Provare ad andare in un posto che non si conosce equivale a cercare di scoprire quello che non si conosce di sé ?

«Beh, ci sono dei viaggi che sono viaggi reali, nel quali fondamentalmente facciamo il viaggio di crescita, evoluzione personale, il viaggio che porta alla conoscenza (e chi lo fa mette in conto un rischio). E ci sono anche viaggi diversi e controproducenti, come quando il movimento è al contrario, è nel provare a controllare ossessivamente (come fa il padre del romanzo): ma quello non è più il viaggio; si può andare anche a vivere in Bulgaria, in Giappone, in Canada e restare però chiusi. È quel che è accaduto anche in tante migrazioni storiche. Se ci pensate anche nella migrazione degli italiani in America (ma vale per tanti altri Paesi), ovvero lo spostamento di genti che, arrivate in un posto per il desiderio di avere una vita migliore, si riducono ad un atteggiamento conservativo: sono talmente spaventate della vita di fuori da cercare di riprodurre i meccanismi e il contesto che avevano nel Paese di partenza. Condannandosi così a un destino fallimentare. Perché invece il mondo fuori è cambiato. Allora in quel caso quello non è un viaggiare, quello è uno spostamento geografico che non corrisponde al viaggiare».

Oggi le università e in generale il mondo della cultura degli States sono sotto attacco da parte del governo Trump: che sensazione le dà vivere nel Paese delle libertà dove gli spazi di libertà diventano di giorno in giorno più piccoli?

«È come se ci fosse un sentimento di abbandono complessivo. Si intuisce la percezione della fine della politica; dell’inesistenza della politica; dell’ingiustizia della politica. È come se i giovani fossero tutti dentro una sindrome da stress post traumatico. E questo stress, questo clima di sfiducia, naturalmente, colpisce ogni volta nuove generazioni. Questo senso molto forte del trauma e della necessità di provare a non soccombere, pone i ragazzi in una prospettiva molto diversa da quella che un tempo poteva essere una prospettiva di cambiamento profondo (pensiamo alla letteratura e alla musica di rivolta degli anni Sessanta) ed è però nello stesso tempo, un terreno che attrae i sistemi demagogici populisti conservatori. Sistemi che possono dare l’impressione di avere le risposte, le soluzioni: politici che dicono “venite con me, vi salverò io” e disorientano i giovani tagliando la realtà con l’accetta, appoggiandosi su vecchi valori inesistenti, peraltro inventati».

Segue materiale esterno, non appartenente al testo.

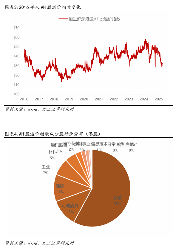 从最新AH股溢价指数成分股(港股)分布来看,金融板块市值占比高达58%,占据了绝对大头,可选消费占比仅为12%,通讯服务和信息技术占比分别仅为2%和1%。也就是说当前两地共同上市的AH股中多为金融等传统周期板块,而可选消费、通讯服务、信息技术等新兴板块两地共同上市的公司占比依然较小。

Le tre o quattro generazioni che lei vede in questo momento in America, mostrano una differenza abissale con le generazioni Usa degli Anni 60: allora si protestava… Oggi invece i ragazzi sembrano appiattiti.

«È preoccupante. Se pensiamo agli Stati Uniti, che sono un Paese fatto dagli stranieri, eppure oggi vedono crescere i sentimenti xenofobi, possiamo renderci conto che certi proclami, certe politiche trovano terreno fertile nel malcontento. La destra ci sguazza nelle situazioni di trauma. Il fatto che Trump stia di fatto rendendo dura la vita agli universitari stranieri che studiano negli Usa è foriero di un futuro spaventoso: in un Paese dove il sistema fondativo si basava sulle diversità, sull’apporto di tanti stranieri, tornano a prevalere reciproci pregiudizi molto conservatori. Gli spaventati dalla globalizzazione sono in ricerca di soluzioni facili, come la vecchia soluzione del nemico, identificato con lo straniero. Quello che è più preoccupante per me è il silenzio di gran parte delle forze progressiste negli Stati Uniti. Intanto le nuove generazioni di giovani americani (che già viaggiano poco) cresceranno senza il confronto con gli stranieri se glieli togli dalle università perché scappano o vengono cacciati. Trovo molto pericolosa questa abiura degli statunitensi alle proprie origini».